Conservative former health secretary Sajid Javid has spoken of his anger that Andrew Bridgen or any MP would “seek to connect” the UK’s Covid vaccine policy with the Holocaust.
Mr Bridgen lost the Conservative whip earlier this month for tweeting an article questioning the safety of the vaccines and adding “this is the biggest crime against humanity since the Holocaust”.
Mr Javid, who served as health secretary between June 2021 and July 2022, a crucial time for the vaccine rollout, hit out at Mr Bridgen in the House of Commons during a debate to mark Holocaust Memorial Day.
Mr Javid told the Commons: “In this debate, we should all reflect on our roles as policymakers, because we know the sickening pattern of atrocities all too well.

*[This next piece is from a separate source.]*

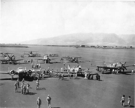 Great photos - got any of the same time period from NAS Kahului also on Maui? My Grandad, then LT(j.g.) Jack Scott, was there there finishing up workups in F4U-4s with Bombing Fighting Squadron NINETEEN (VBF-19). He was a dive-bomber veteran who had previously passed through Kahului in the spring of '44 on his way to WestPac flying SB2Cs with VB-19 aboard USS LEXINGTON (CV-16).

“We are right to reaffirm our commitment to ‘never again’, but we must also as parliamentarians do more to prepare the political foundations and the policy framework to prevent the next atrocity.
“Our commitment to the truth must also be reinforced at home, including in how we counter misinformation and conspiracy theories.”
Mr Javid, who secured the debate, added: “Right now in the UK, we have seen a rise in anti-vaccine protesters carrying signs reading ‘vaccine holocaust’ and wearing the Star of David. I must say, it does anger me that any member of this House would seek to connect the Holocaust with UK public health policy.”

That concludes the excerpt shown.